Oh, God, I’m going to have to tell him, and say what? Hey, Harrison, remember me, your ex-wife? The one you slept with mere minutes after our divorce was final? Well, good news, I’m pregnant.

My stomach recoils, but I don’t think it’s pregnancy-related sickness. It’s stress from having to tell my ex-husband that I’m pregnant with his baby. How did this happen? Well, I know how this happened, but how did this become my life? I’m like a walking episode of The Young and the Restless. What are my preschool parents going to think of me?

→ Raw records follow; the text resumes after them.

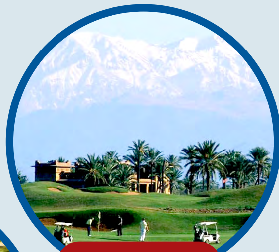
MARRAKECH 1 al 5 Mayo Puente 1 de Mayo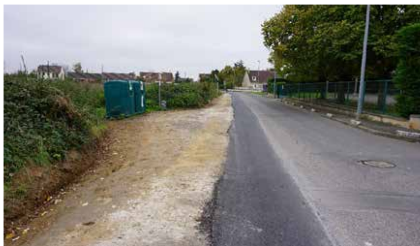
Rue de Faronville face à l'école de Château Villard Rabotage du trottoir pour une meilleure infiltration des eaux de pluie et reprise de la bordure de la rue.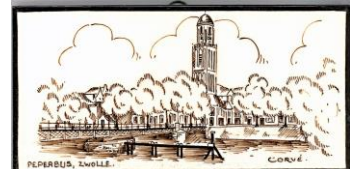
Zenith, Zwolle, Peperbus, Corvé, 7,5 x 15 cm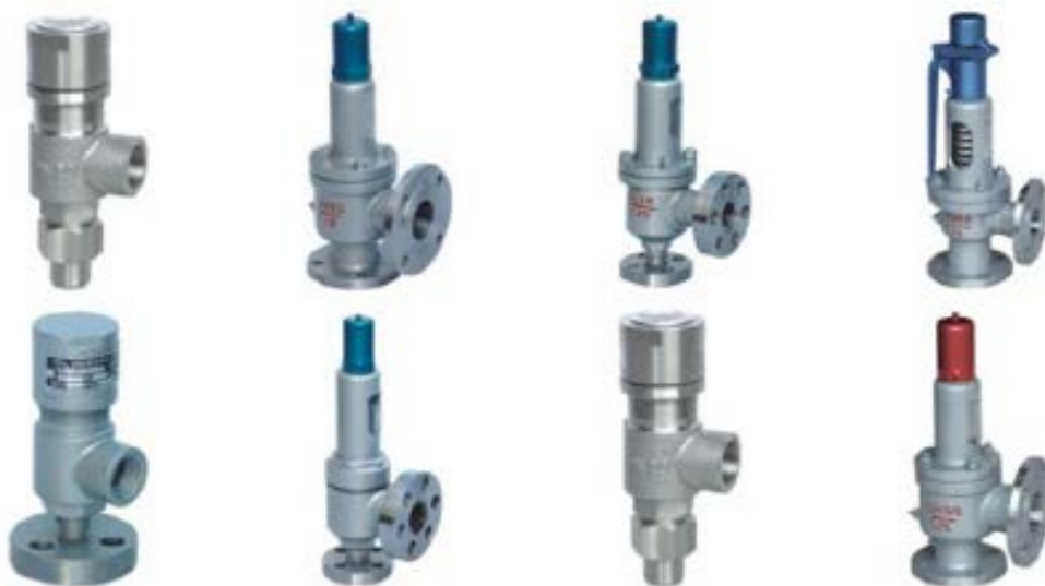
图 1-2 公司主要产品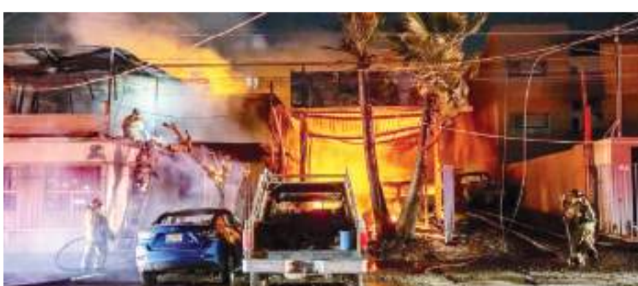
TIJUANA.- Ocho incendios se registraron durante las últimas 24 horas en la ciudad, donde desafortunadamente una persona fue localizada en estado de carbonización.

zó a 6 casas de madera, en terreno de asentamiento irregular, con afectaciones totales pero sin víctimas, por fortuna.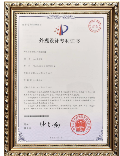
Патент №: 201630655323.4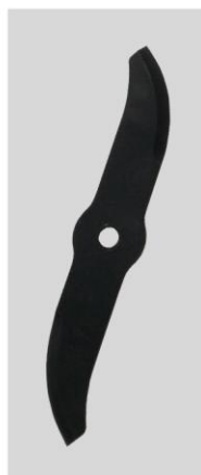
Coltello tipo sciabola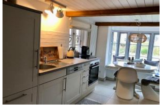
separate Küche mit Esstisch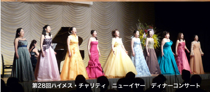
第28回ハイメス・チャリティ ニューイヤー ディナーコンサート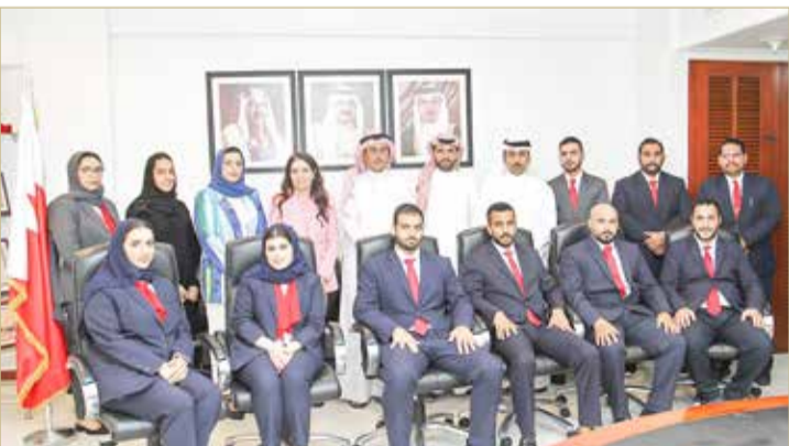
هيئة تنظيم سوق العمل

أدى 11 مفتشاً من مأموري الضبط القضائي بقطاع الضبط القانوني بهيئة تنظيم سوق العمل القسم القانوني أمام الرئيس التنفيذي للهيئة نوف جمشير، تنفيذاً لقرار منح الضبطية القضائية لهم، وذلك بموجب قرار وزير العدل والشؤون الإسلامية والأوقاف رقم (99) لسنة 2022 بشأن تحويل بعض موظفي هيئة تنظيم سوق العمل صفة مأموري الضبط القضائي، وتنفيذاً لأحكام قانون بشأن هيئة تنظيم سوق العمل رقم (19) لسنة 2006 بشأن التفتيش على الخاضعين لأحكام قانون تنظيم سوق العمل.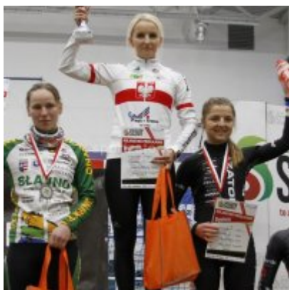
Znakomity start i rosnąca forma przed MP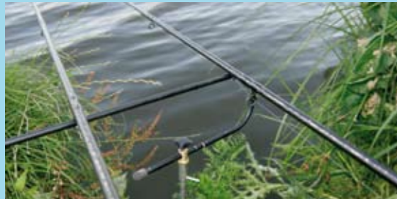
Als je ervoor kiest om met twee hengels te vissen gebruik je een brede steun. Steun je hengels zo af dat de top haaks op de lijn staat. De vis zal zichzelf haken en echt aanslaan is niet nodig.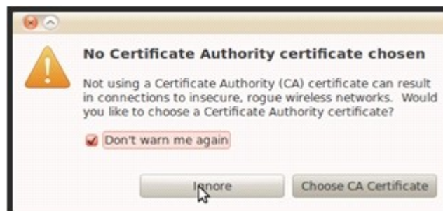
Slika 5. Upozorenje o nedostatku sertifikata sertifikacionog tela

Ukoliko nemate snimljen sertifikat, kada se klikne na Connect , izaći će prozor prikazan na Slici 5.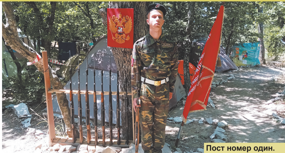
Пост номер один.

— Я рад встрече с вами. Говорю не ради красного словца. Пройдет время, и вы будете строить и защищать нашу великую Россию. Во все времена государства Российского казаки показывали образцы мужества и

Gabby guides me down the hallway and to the table where we’ve stashed my purse. As if on autopilot, I smile politely while retrieving my belongings and make my way to the exit.

“Honey, are you all right?” Mom asks, coming up behind us with a look of worry on her face.

“Yeah, just a touch of the flu,” I answer, the lie rolling too easily off my tongue.

“Oh, no. Well, feel better. If you’re not well tomorrow, text me, and I’ll bring you some soup,” she replies, pulling me into her arms and giving me a warm hug.

“I will. Please give my regards to everyone. I really appreciate you all throwing me this party,” I add.

“It was nothing,” Mom says with the flick of her hand before setting it on my forehead. “It’s not every day your oldest turns thirty.”

“No, I guess not.”

“Do you want Dad to drive you home?” she offers, glancing over at Gabby.

“No, that’s okay. I can drive. My stomach isn’t too bad now, so I think I can make it home.”

She continues to look on with that motherly watchful eye, and I almost crack under the pressure. She knows I’m lying, but, if I am pregnant, I don’t want to tell them first. Harrison deserves to know before my family, which is why I continue the flu charade for just a little longer. “Well, if you’re sure… I’ll stop by tomorrow and check on you.”